#TOLERÂNCIA69 - O ESTIGMA DA SUPERIORIDADE
Tenho-me surpreendido, mais vezes do que era a minha expectativa, com a reacção de algumas pessoas quando eu faço da Tolerância e do meu interesse da Tolerância. Às vezes é uma reacção de desconfiança ou de dúvida; de recusa ou de evitamento; de reserva, mas chega a ser de repulsa, quase do tipo «Vade retro, Satana!»
Já aqui falei do surgimento, digamos, oficial da Tolerância (apontamento #TOLERÂNCIA29, de 21 de Janeiro): «a palavra tolerância nasceu no século XVI das guerras religiosas entre católicos e protestantes: os católicos acabaram por tolerar os protestantes, e reciprocamente. Depois a tolerância foi reclamada a propósito de todas as outras religiões e de todas as crenças. Finalmente, no século XIX, a tolerância estendeu-se a todo o pensamento livre.»
Se num contexto de reflexão religiosa a ideia, o conceito de Tolerância é pacífico, transporta-nos logo para um objectivo ou ideal de diálogo inter-religioso, ecuménico, de aceitação recíproca entre diferentes credos, num contexto político ou sócio-cultural, o objectivo ou ideal de diálogo e reciprocidade não é imediato.
A justificação dessa desconfiança, contida ou explosiva, em relação à Tolerância é quase sempre a mesma, formulação mais para aqui, formulação mais para ali: «A tolerância é uma atitude e superioridade de alguém sobre outro que se considera inferior.» Superioridade ou arrogância.Penso que até agora não dei a ideia de que considero a Tolerância a panaceia para resolver as oposições, confrontos, divergências, etc., entre as pessoas e os grupos humanos. Ora, nada é nem ninguém tem o Santo Graal da solução das divergências humanas. Peça-se à Tolerância na justa medida do seu valor, que é "só" algum; e que, como qualquer outro valor, ideal, princípio, fim, ou estratégia, pode ser pervertido e usado desonestamente para explorar o Outro.
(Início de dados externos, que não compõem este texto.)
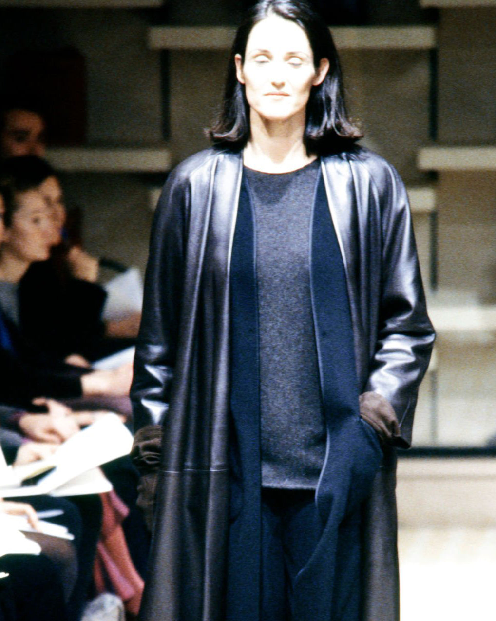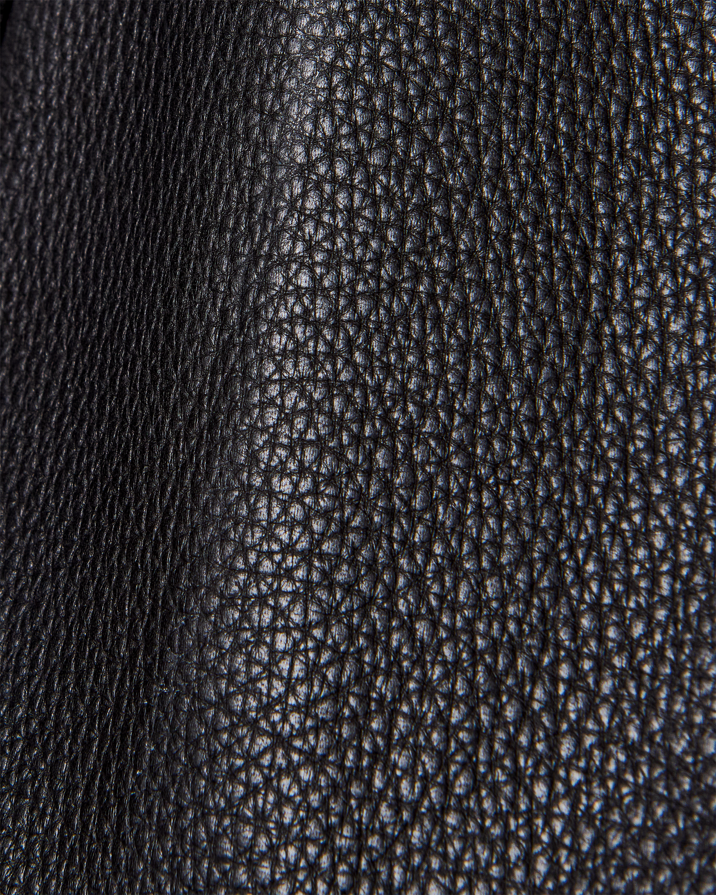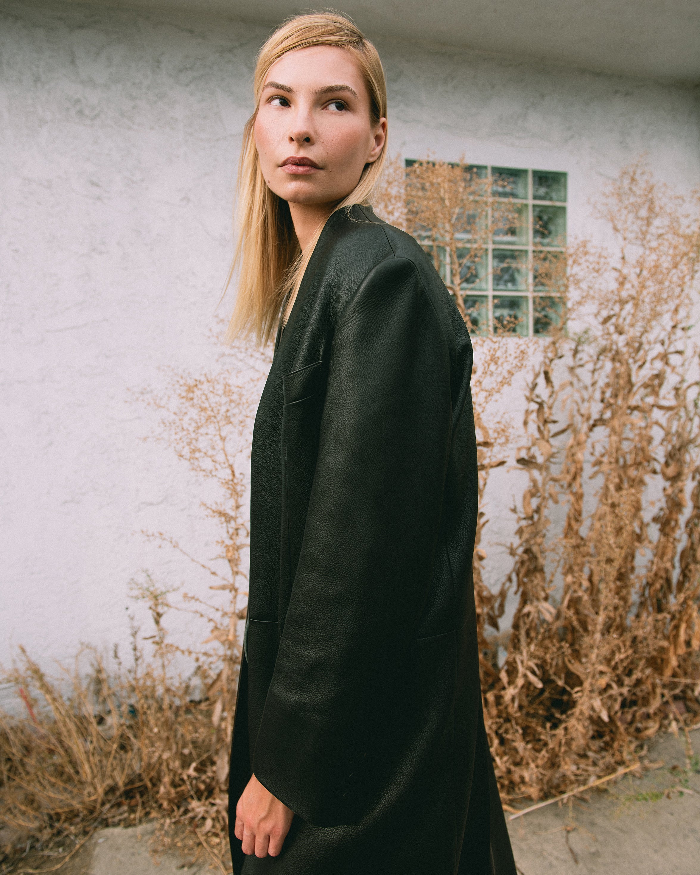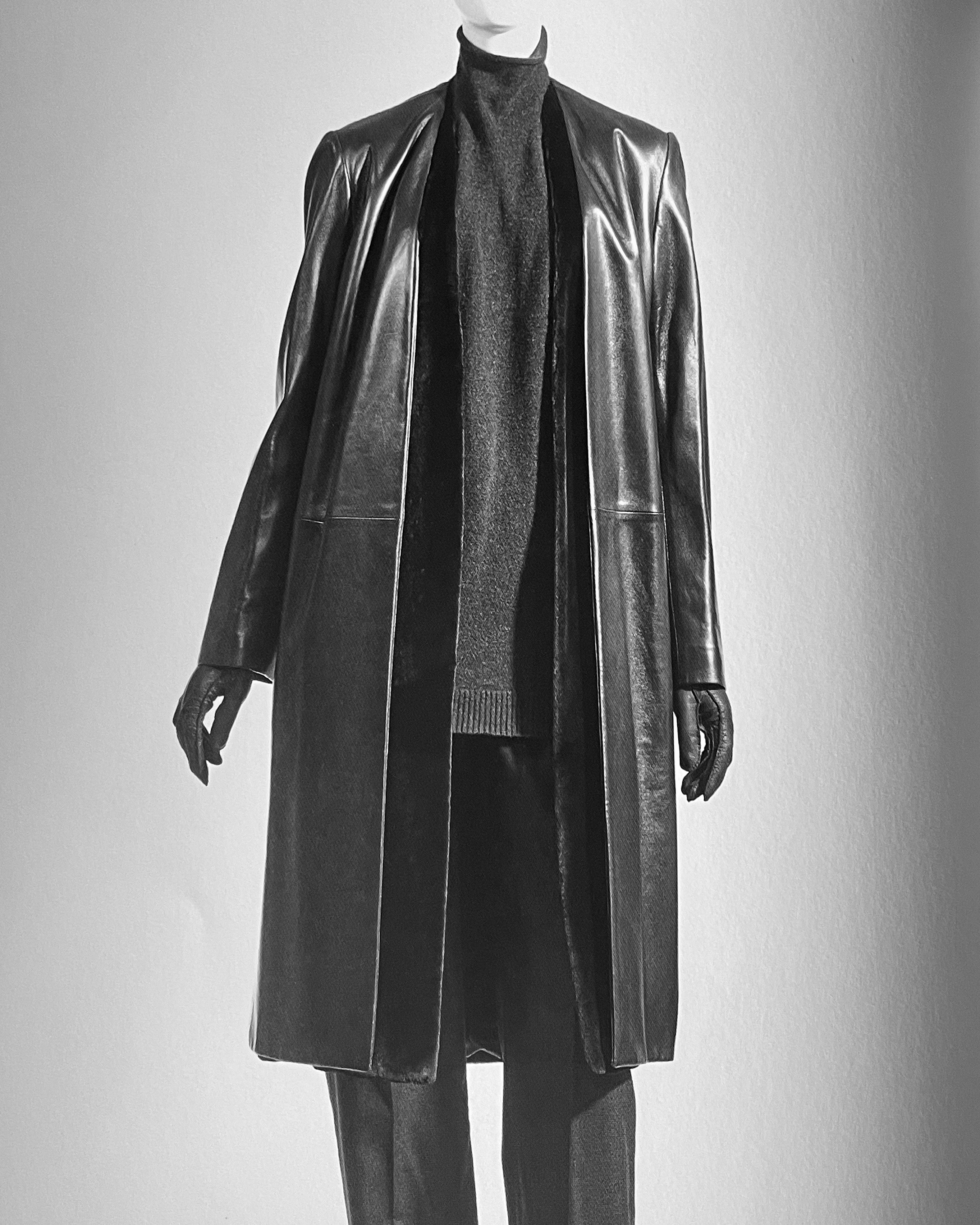 A/W 1998 Hermès by Martin Margiela black leather collarless jacket. Sleek, long sleeve collarless jacket with no closures. Slit pocket detail at left side bust and functional flap pockets at waist. Three button closures at wrist. Fabric Contents: 100% Deer leather with 100% Silk lining (pebbled leather texture). As seen on the runway as the opening look of the collection (Look #1) and in Look #31. In very good vintage condition with light wear at front of jacket (unnoticeable when worn); comes with original garment bag. Note that white skirt and bra top are utilized for e-commerce purposes only and is not included with purchase.
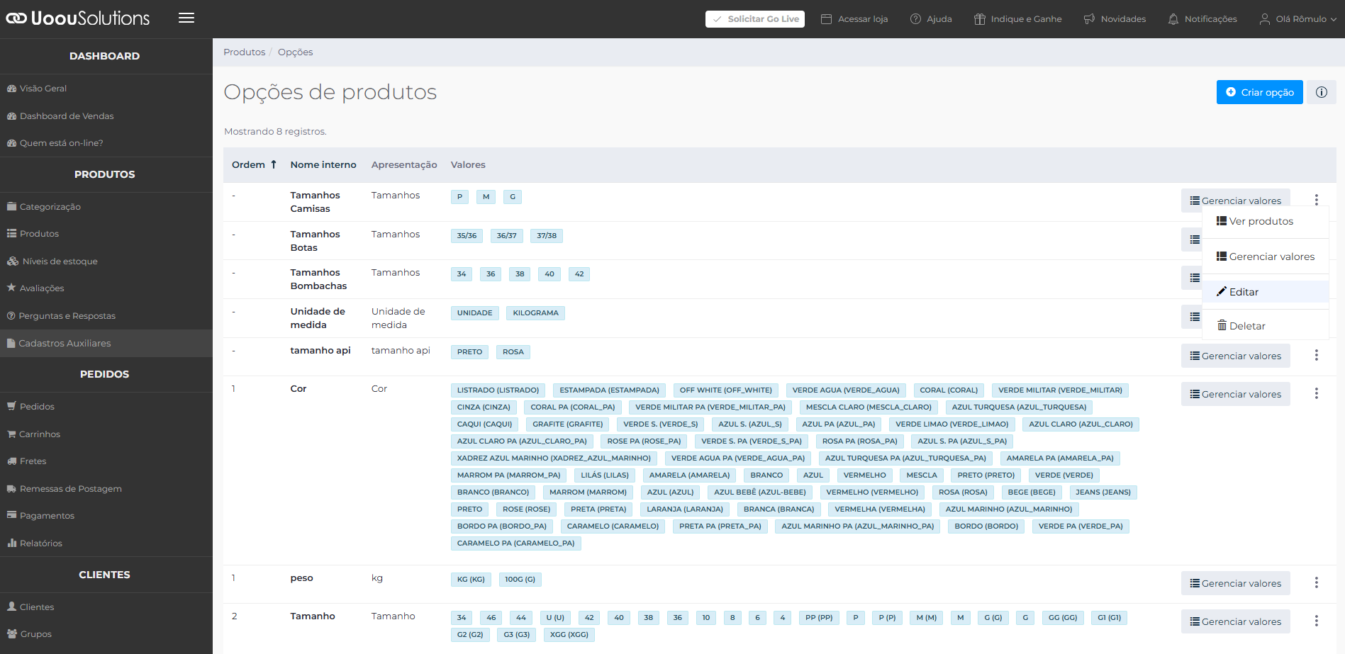 No painel administrativo, acesse Cadastros Auxiliares > Gerenciar Opções e selecione a opção que você deseja editar.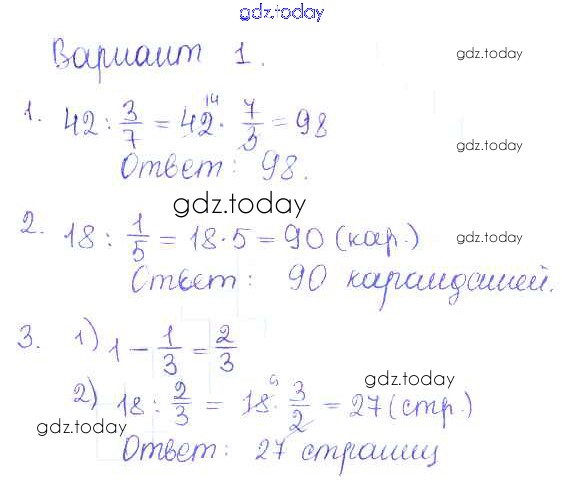 Ответы к ПР №40. Нахождение целого по его части Решение к проверочным работам вариант-1 Дидактическим материалам по Математике для 5 класса Кузнецова, Минаева Просвещение Академический школьный учебник 2014

Recusar liminarmente a Tolerância nesse sentido de ser expressão de superioridade sobre Outrem que se toma como inferior pode ter várias interpretações, de que destacarei duas: a primeira é a cristalização mental duma ideia, um preconceito cognitivo, um pensamento sincrético acerca da Tolerância e do seu valor, sendo isso espelho duma atitude de superioridade por parte de quem pensa que já tem a verdade sobre a Tolerância, que não tem necessidade de se questionar, questionar e dialogar com o Outro; a segunda é que, provavelmente de forma inconsciente, não se quer sair da sua zona de conforto, já que pensar dá trabalho, exige esforço, e o trabalho e o esforço produzem tensão, tensão essa que traz sempre desconforto e desprazer, mesmo para quem corre por gosto.
A Tolerância, assim estigmatizada, conforma-se num estereótipo cognitivo que bloqueia a acção, o diálogo, o confronto.
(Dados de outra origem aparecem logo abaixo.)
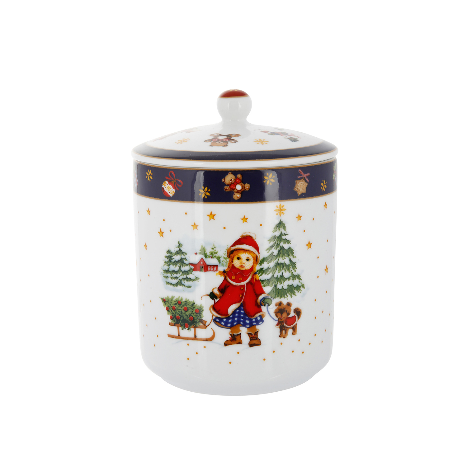 Un elegante barattolo in porcellana con allegri decori natalizi. Usalo per conservare biscotti e caramelle, portando in tavola tutta la magia e l'atmosfera del Natale, tra la gioia di grandi e piccini. Il coperchio è dotato di anello in silicone per garantire una chiusura ermetica e conservare al meglio i tuoi alimenti. Lavabile in lavastoviglie, ad esclusione del coperchio. Abbinalo agli altri elementi della linea per creare una mise en place natalizia inimitabile e unica. Dimensioni: 14x11 cm.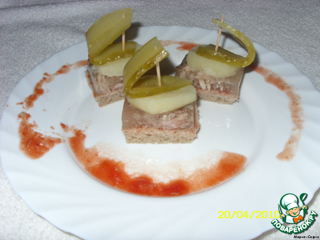Собираем канапе: хлеб промазанный хренодером, студень, ломтик картошки произвольной формы.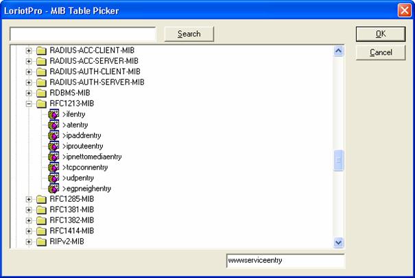 Open a MIB Table in a dedicated screen. When selecting this option the MIB Table picker is displayed. Choose a MIB Table here and click OK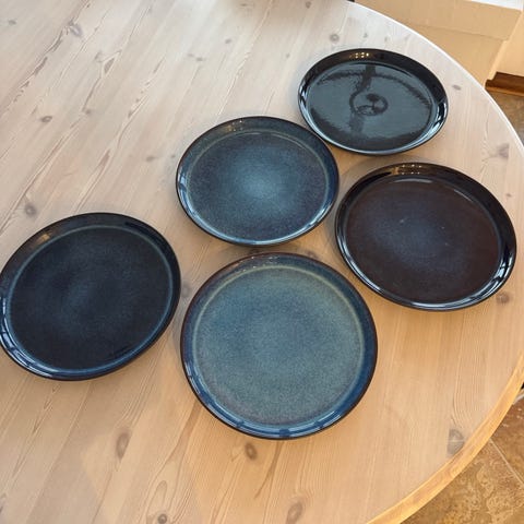 8 stk. glastallerkner i lilla/lyserød farve. Grundet materiale er der brugstegn og er halvdelen varierende, så den ene halvdel er tykke og den anden er mere tynde. Tåler opvask.

Pessoalmente, não me preocupa este estigma ou estereótipo da superioridade negativa da Tolerância. Estou seguro de que, nos apontamentos que nas pegadas que deixei em algumas das etapas passadas desta minha caminhada, tenho sugestões que a Pedagogia e a Educação podem usar para fazer romper o estigma da superioridade da Tolerância.
Uma das tomadas de consciência que podemos ir assumindo é a de que, por si só, a Tolerância pouco pode; e que para ser útil e eficaz tem de ser vista na sua relação dinâmica com, por exemplo, a Aceitação e a Compreensão; a Empatia e a Escuta; a Mutualidade e a Interajuda; a Identidade e a Alteridade; a Diversidade e a Semelhança; a Partilha Comum e a Distribuição Singular.
O mal não está na reserva à Tolerância, o mal está na indisponibilidade para pôr a reserva à prova da realidade, caso a caso, situação a situação. Recusar ser tolerante porque se tem arreigado o estereótipo da superioridade (negativa) da Tolerância é, repito, optar por manter-se confinado à sua zona de conforto, é optar por não tentar compreender, nem tentar aceitar.
Sim, a Pedagogia e a Educação têm remédio para o estigma da superioridade da Tolerância.